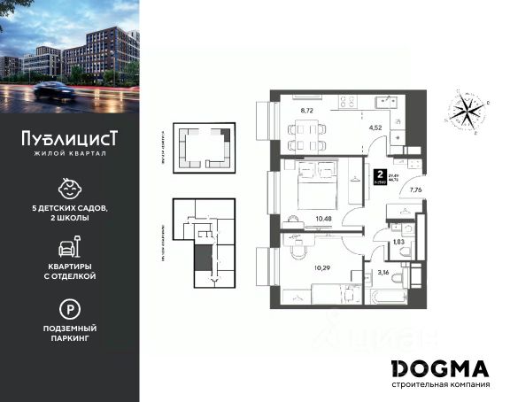 - Просторные семейные квартиры с высокими потолками 3.3 м в вариантах черновой, предчистовой и чистовой отделки.
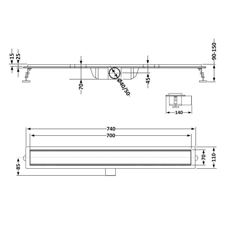 Трап із неіржавкої сталі Qtap Taurus FA700 лінійний із сухим закривом
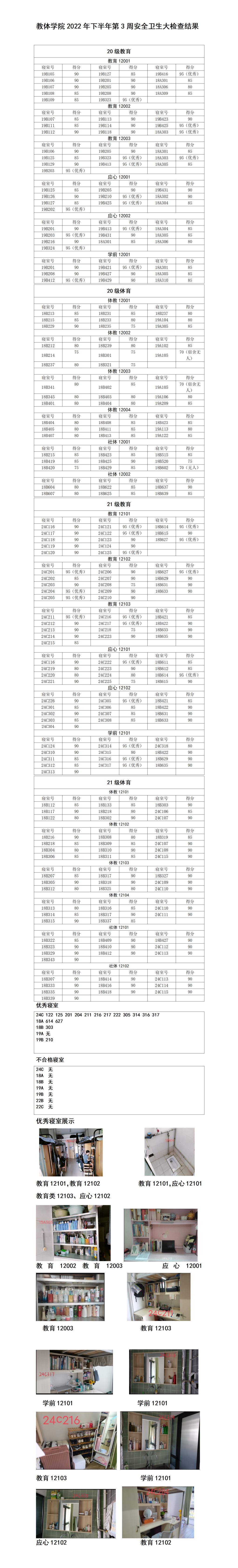 教体学院2022年下半年第3周安全卫生大检查结果
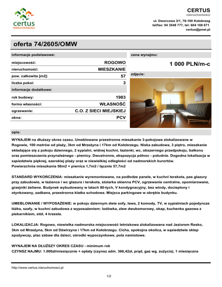 CERTUS nieruchomości ul. Dworcowa 3/1, 78-100 Kołobrzeg tel/fax: 94 3548 777, tel: 604 188 671 [email protected] oferta 74/2605/OMW informacje podstawowe: miejscowość: nieruchomość: cena wynajmu: ROGOWO 1 000 PLN/m-c MIESZKANIE 57 pow. całkowita [m2]: zdjęcie: 3 liczba pokoi: informacje dodatkowe: 1983 rok budowy: forma własności: ogrzewanie: WŁASNOŚĆ C.O. Z SIECI MIEJSKIEJ PCV okna: opis: WYNAJEM na dłuższy okres czasu. Umeblowane przestronne mieszkanie 3-pokojowe zlokalizowane w Rogowie, 100 metrów od plaży, 3km od Mrzeżyna i 17km od Kołobrzegu. Niska zabudowa, 3 piętro, mieszkanie składające się z pokoju dziennego, 2 sypialni, widnej kuchni, łazienki, wc, obszernego przedpokoju, balkonu oraz pomieszczenia przynależnego - piwnicy. Dwustronne, ekspozycja północ - południe. Dogodna lokalizacja w sąsiedztwie pięknej, szerokiej plaży oraz w niewielkiej odległości od nadmorskich kurortów. Powierzchnia mieszkania 56m2 + piwnica 1,7m2 / łącznie 57,7m2 STANDARD WYKOŃCZENIA: mieszkanie wyremontowane, na podłodze panele, w kuchni terakota, pas glazury przy zabudowie, w łazience i wc glazura i terakota, stolarka okienna PCV, ogrzewanie centralne, opomiarowane, grzejniki żeliwne. Budynek wybudowany w latach 80-tych, V kondygnacyjny, bez windy, docieplony i otynkowany, zadbana, przestronna klatka schodowa. Miejsca parkingowe w obrębie budynku. UMEBLOWANIE / WYPOSAŻENIE: w pokoju dziennym dwie sofy, ława, 2 komody, TV, w sypialniach pojedyncze łóżka, szafy, w kuchni zabudowa z wyposażeniem: lodówka, zlew dwukomorowy, okap, kuchenka gazowa z piekarnikiem, stół, 4 krzesła. LOKALIZACJA: Rogowo, niewielka nadmorska miejscowość letniskowa zlokalizowana nad Jeziorem Resko, 3km od Mrzeżyna, 5km od Dźwirzyna i 17km od Kołobrzegu. Cicha, spokojna okolica, w sąsiedztwie sklep spożywczy, plac zabaw dla dzieci, ośrodki wypoczynkowe, pola namiotowe. WYNAJEM NA DŁUŻSZY OKRES CZASU - minimum rok CZYNSZ NAJMU: 1.000zł/miesięcznie + opłaty (czynsz adm. 366,42zł, prąd, gaz wg. zużycia), 1 miesięczna http://www.certus.nieruchomosci.pl 1/2 CERTUS nieruchomości ul. Dworcowa 3/1, 78-100 Kołobrzeg tel/fax: 94 3548 777, tel: 604 188 671 [email protected] kaucja. ISTNIEJE MOŻLIWOŚĆ ZAKUPU - CENA MIESZKANIA 270.000zł OFERTA http://www.certus.nieruchomosci.pl/oferta/396/2605/OMS W celu uzyskania szczegółowych informacji o ofercie prosimy o kontakt telefoniczny, bądź mailowy http://www.certus.nieruchomosci.pl 2/2

## Exercise
Reproduce the data above line for line, from its first line through the line containing "教体学院2022年下半年第3周安全卫生大检查结果", both ends included, with the pictures omitted and nothing more.

## Solution to this task
 - Просторные семейные квартиры с высокими потолками 3.3 м в вариантах черновой, предчистовой и чистовой отделки.
 Трап із неіржавкої сталі Qtap Taurus FA700 лінійний із сухим закривом
 教体学院2022年下半年第3周安全卫生大检查结果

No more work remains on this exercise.